18. R1349C4 (step 12a) = {2689/3679/4678}
18a. 2,3,4 only in R9C4 -> R9C4 = {234}, clean-up: no 9 in R7C1 (step 8)
19. R8C3 = 9 (hidden single in N7), R8C7 = 7, R7C23 = [84] (step 15d), 4 locked for D/, clean-up: no 2,5 in R3C6, no 1 in R3C8 (step 3), no 6 in R56C3, no 8 in R6C4, no 8 in R9C6 (step 10)
19a. Naked pair {78} in R56C3, locked for N4
19b. R8C7 = 7 -> R7C78 = {19} (step 16), locked for R7 and N9, clean-up: no 5 in R9C6 (step 10)
20. R1349C4 (step 12a) = {2689/4678} (cannot be {3679} which clashes with R56C4), no 3, clean-up: no 6 in R7C1 (step 8)
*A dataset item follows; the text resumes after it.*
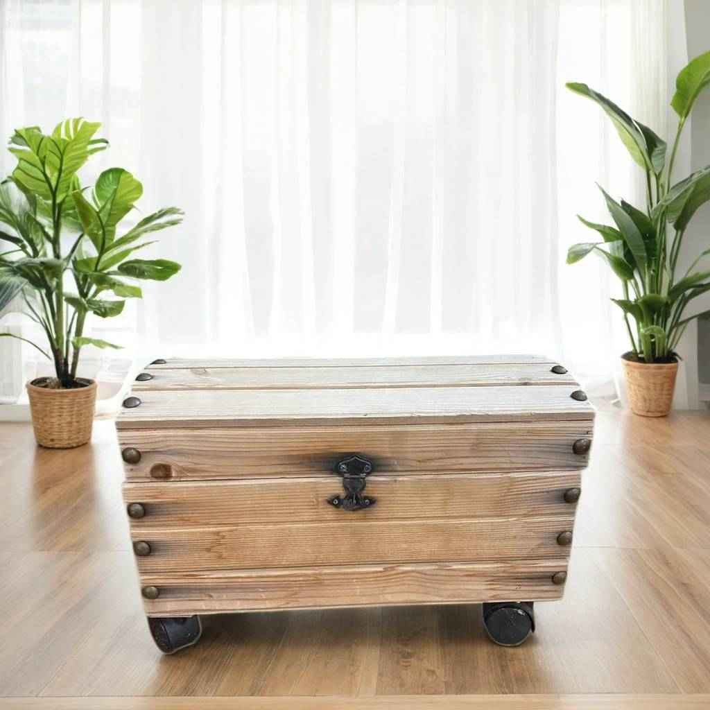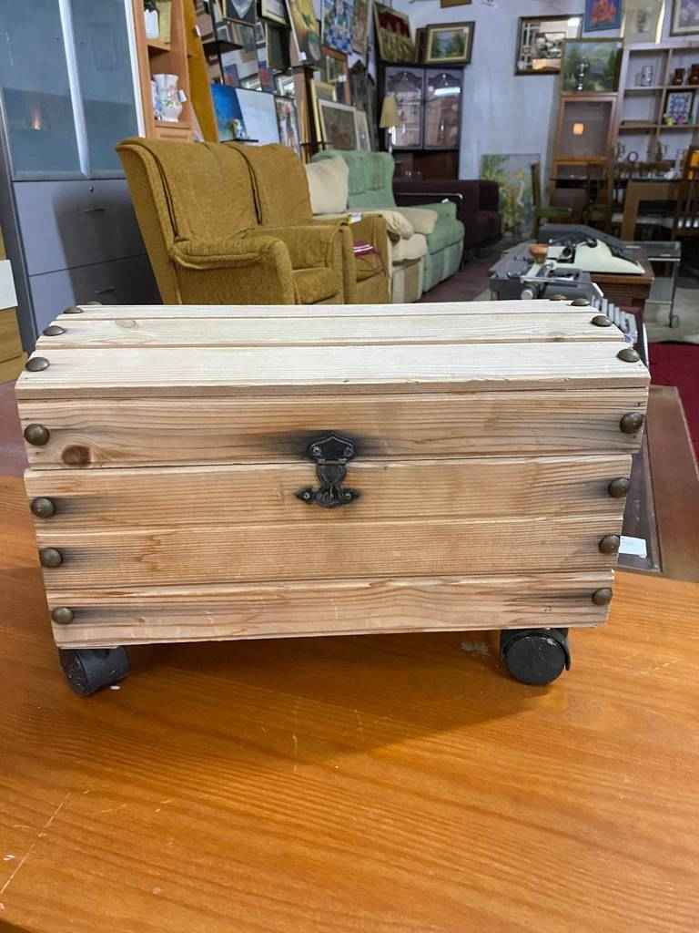 Cofre de tamaño medio que ha sido fabricado con madera de buena calidad y robusta. Se trata de un armario que tiene una puerta abatible con cierre metálico y en su interior gran espacio de almacenamiento. Se mueve fácilmente gracias a sus cuatro ruedas en la parte inferior. Como podemos observar en las fotografías presenta desperfectos.

[Alternatively Killer pair 3,5 in R258C4 and R67C4, locked for C4 gives the same eliminations.]
20a. 6 in R7 locked in R7C56, locked for N8, clean-up: no 2 in R7C9 (step 10)
21. R7C56 = {26} (hidden pair in R7), locked for N8 -> R9C4 = 4, R7C1 = 7 (step 8), clean-up: no 9 in R14C4 (step 20), no 3 in R258C4 (step 4), no 5 in R6C4, no 2,3 in R9C23 (step 13)
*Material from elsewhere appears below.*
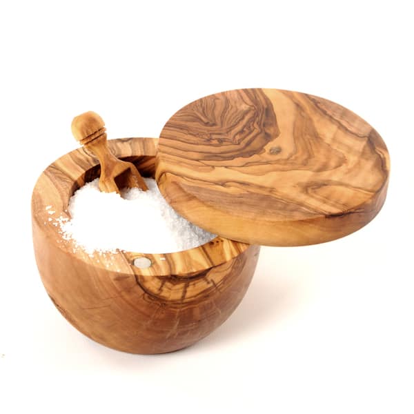 Naturally Med Olive Wood Salt Cellar with Inset Spoon A stunning large olive wood salt cellar. This salt keeper has a pivoting lid which closes with a magnet. Ideal for storing and serving salt or sugar this olive wood box will make a stunning addition to any kitchen. A clever design, this salt cellar has a beautiful salt spoon inset into the lid, which is held in place by a magnet.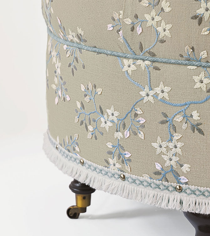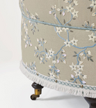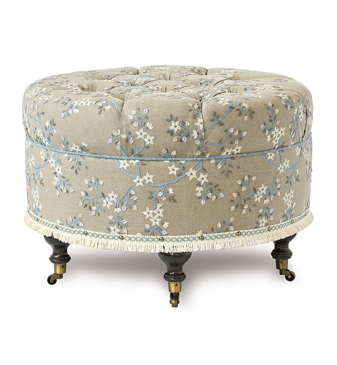 The Amberlynn Embroidered Ottoman offers plush comfort with its high-density foam cushion covered in elegant floral cotton fabric. Hand-tufted buttons and a classic cord edge add refined detail. Supported by sturdy espresso wood legs with smooth brass casters, it combines style and mobility. Perfect for adding charm and function to your space.

21a. R1C4 = 8, R1C3 = 6, clean-up: no 1 in R3C7
21b. R67C4 = [93] (hidden pair in C4), 9 locked for D/, R7C9 = 5, R9C6 = 9 (step 10), clean-up: no 4,5 in R258C6 (step 5)
21c. R8C6 = 8, R9C5 = 7 (hidden single in N8)
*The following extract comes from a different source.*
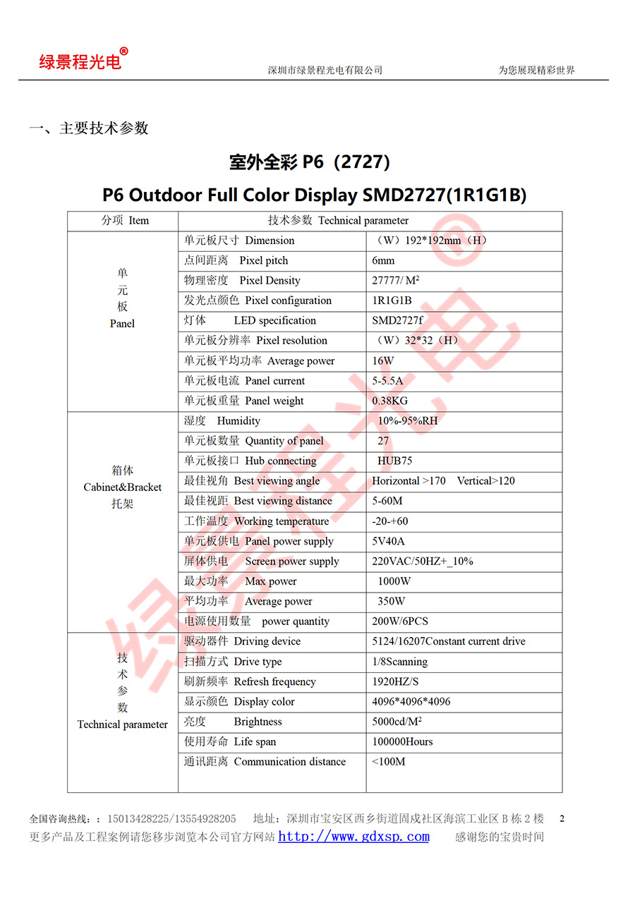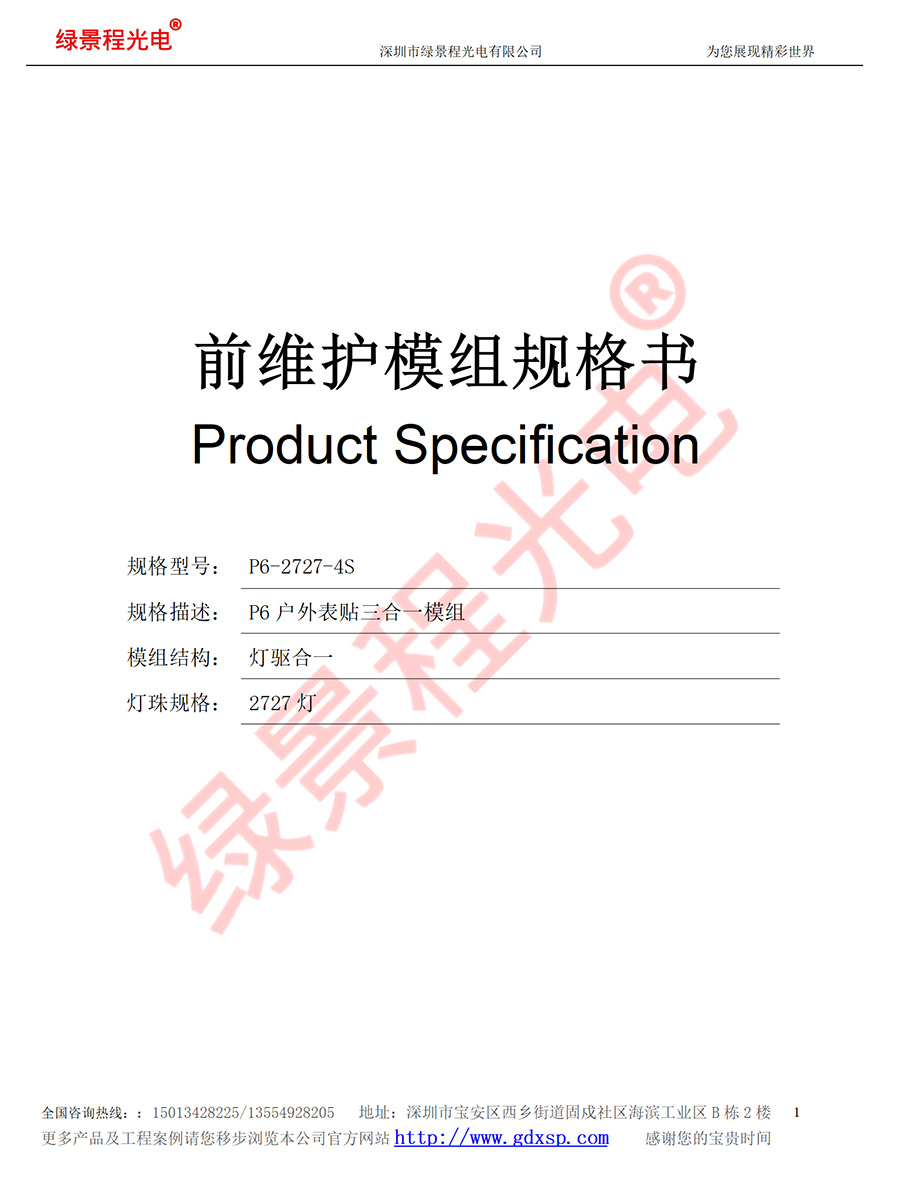 綠景程光電戶外前維護(hù)P6-SMD2727-8S-192X192mm

21d. Naked pair {15} in R9C23, locked for N7
22. Naked pair {67} in R25C6, locked for C6 -> R7C56 = [62], R5C6 = 7, R2C6 = 6, R4C4 = 6, locked for D\, R3C4 = 7, R3C3 = 2, locked for D\, R3C1 = 9 (step 17), R56C3 = [87], clean-up: no 3 in R1C7, no 3 in R3C7, no 5 in 31(7) cage at R3C5 (prelim l)
[While checking through this walkthrough, I realised that I could have started this step with R5C6 = 7 (hidden single in 31(7) cage at R3C5).]
22a. R2C2 = 7, R7C7 = 9, R9C9 = 8 (hidden singles in D\), R7C8 = 1, R8C8 = 4, locked for D\, R8C9 = 3 (cage sum), R1C89 = [97], R2C9 = 4, clean-up: no 1 in R1C6
22b. R3C7 = 8 (hidden single in D/), R3C6 = 1, R3C9 = 6
[It would have been more fun to use 1 on D/ locked in R4C6 + R5C5, locked for N5 first but the hidden single on D/ is more logical.]
22c. Naked pair {34} in R1C6 + R3C5, locked for N2
22d. R2C5 = 9 (hidden single in N2)
23. R5C5 = 1 (hidden single on D/), locked for D\, R5C4 = 2, R2C4 = 5, R8C45 = [15], R1C5 = 2, R1C7 = 1, R1C6 = 4, R3C5 = 3, R3C28 = [45]
24. R9C1 = 3 (hidden single in R9), locked for D/ -> R2C78 = [32], 2 locked for D/
25. R7C9 = 5 -> R6C89 = 9 = [81]
25a. R3C1 = 9 -> R45C1 = 5 = [14]
and the rest is naked singles
My original step 18 was
18. 8 in R7 locked in R7C23 = [84/68] (step 15d)
18a. 45 rule on R89 4 outies R7C2378 = 22 = {1489/1678/3478/3568} (cannot be {2389/2578} which don’t contain 4 or 6), no 2
18b. R7C2378 must contain 2 odd numbers -> R7C78 = {13579}
I'd also got the following in my notes for possible later use
15(3) cage in N9 must have at least one odd number
45 rule on N9 3 innies R7C9 + R9C78 = 13 must have at least one odd number
Hidden killer quint for odd numbers in N9, 17(3) cage in N9 contains three odd numbers -> 15(3) cage in N9 and R7C9 + R9C78 must each contain only one odd number
A pity that I wasn't able to use these steps.